### Work order:
Word for word, restate the lines of the data below between those holding "These black New" and "Adaptador Cetac 220v", inclusive; pictures do not belong in the copy.

### Data supplied:
########

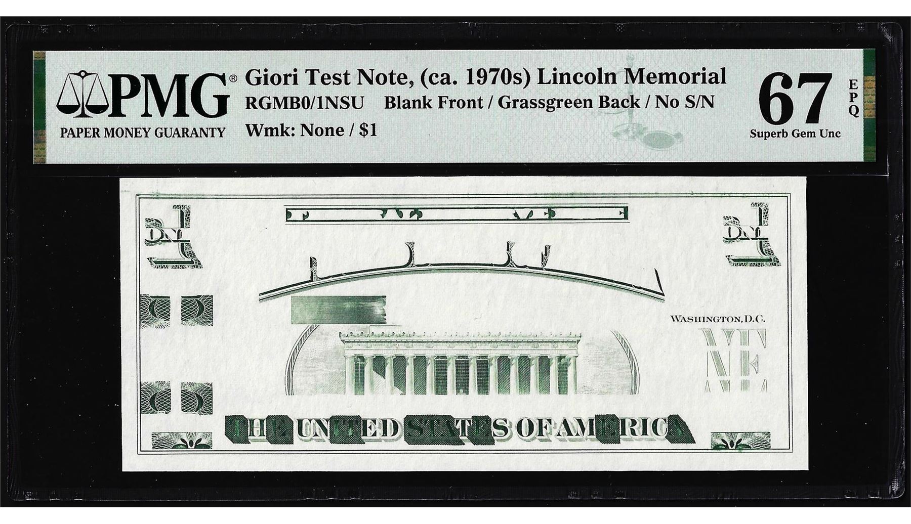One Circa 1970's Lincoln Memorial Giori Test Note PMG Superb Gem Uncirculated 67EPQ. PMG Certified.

########

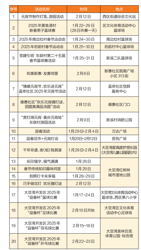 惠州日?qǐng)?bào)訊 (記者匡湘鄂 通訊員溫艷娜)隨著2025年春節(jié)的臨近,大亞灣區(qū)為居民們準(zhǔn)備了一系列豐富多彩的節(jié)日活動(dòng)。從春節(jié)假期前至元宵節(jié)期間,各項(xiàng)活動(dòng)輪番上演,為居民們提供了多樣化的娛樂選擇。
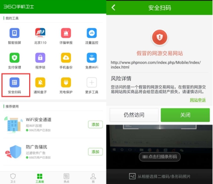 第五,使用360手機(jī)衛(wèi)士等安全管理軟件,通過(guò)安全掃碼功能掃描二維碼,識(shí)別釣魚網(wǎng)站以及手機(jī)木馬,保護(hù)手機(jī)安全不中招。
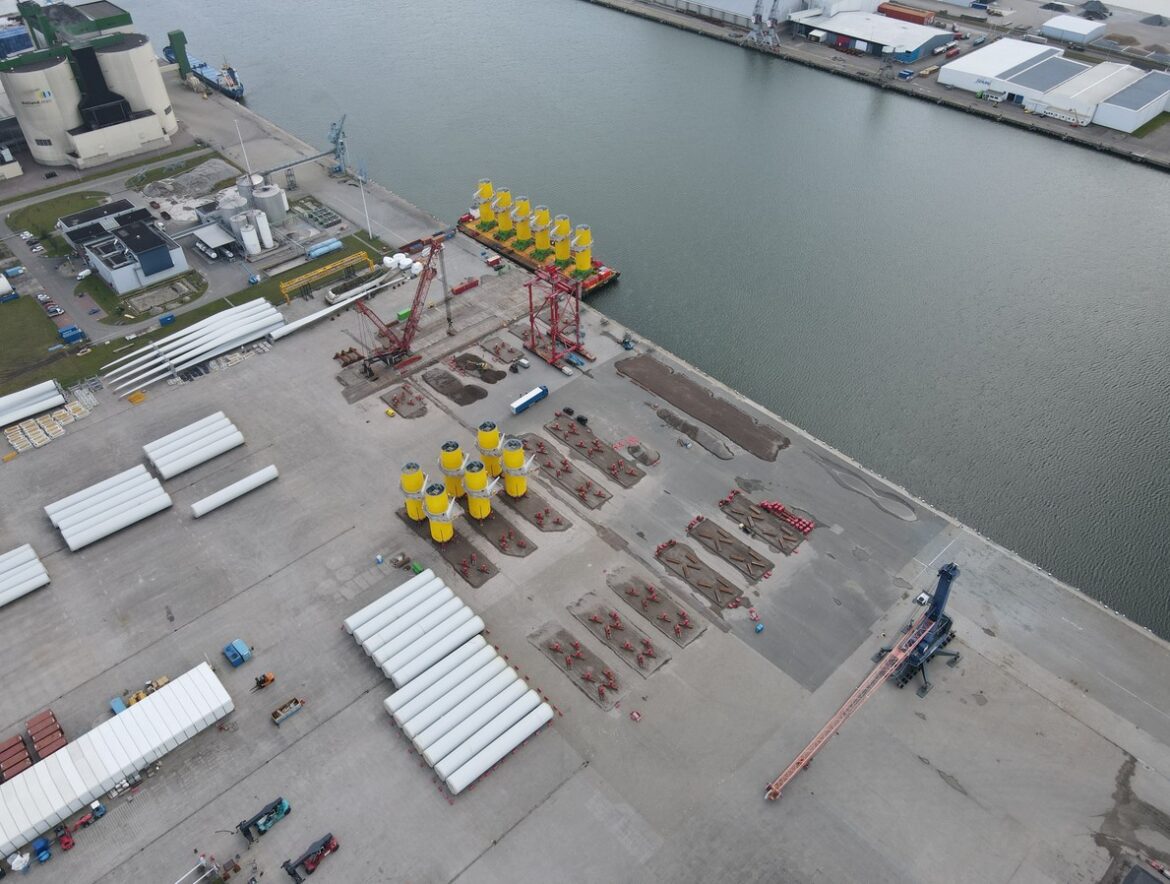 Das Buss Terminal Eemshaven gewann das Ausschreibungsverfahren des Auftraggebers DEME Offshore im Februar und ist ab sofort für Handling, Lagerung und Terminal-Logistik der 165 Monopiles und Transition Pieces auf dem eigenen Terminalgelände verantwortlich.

########

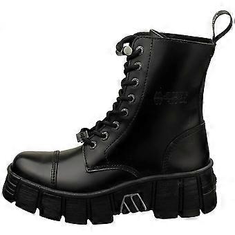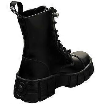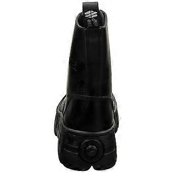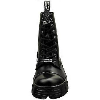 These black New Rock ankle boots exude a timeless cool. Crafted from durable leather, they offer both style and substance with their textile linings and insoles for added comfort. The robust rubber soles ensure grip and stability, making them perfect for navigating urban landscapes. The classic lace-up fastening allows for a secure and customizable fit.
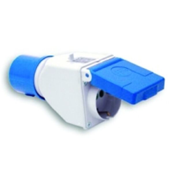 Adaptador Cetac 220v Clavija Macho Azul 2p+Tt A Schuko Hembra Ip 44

########

### Written answer:
 These black New Rock ankle boots exude a timeless cool. Crafted from durable leather, they offer both style and substance with their textile linings and insoles for added comfort. The robust rubber soles ensure grip and stability, making them perfect for navigating urban landscapes. The classic lace-up fastening allows for a secure and customizable fit.
 Adaptador Cetac 220v Clavija Macho Azul 2p+Tt A Schuko Hembra Ip 44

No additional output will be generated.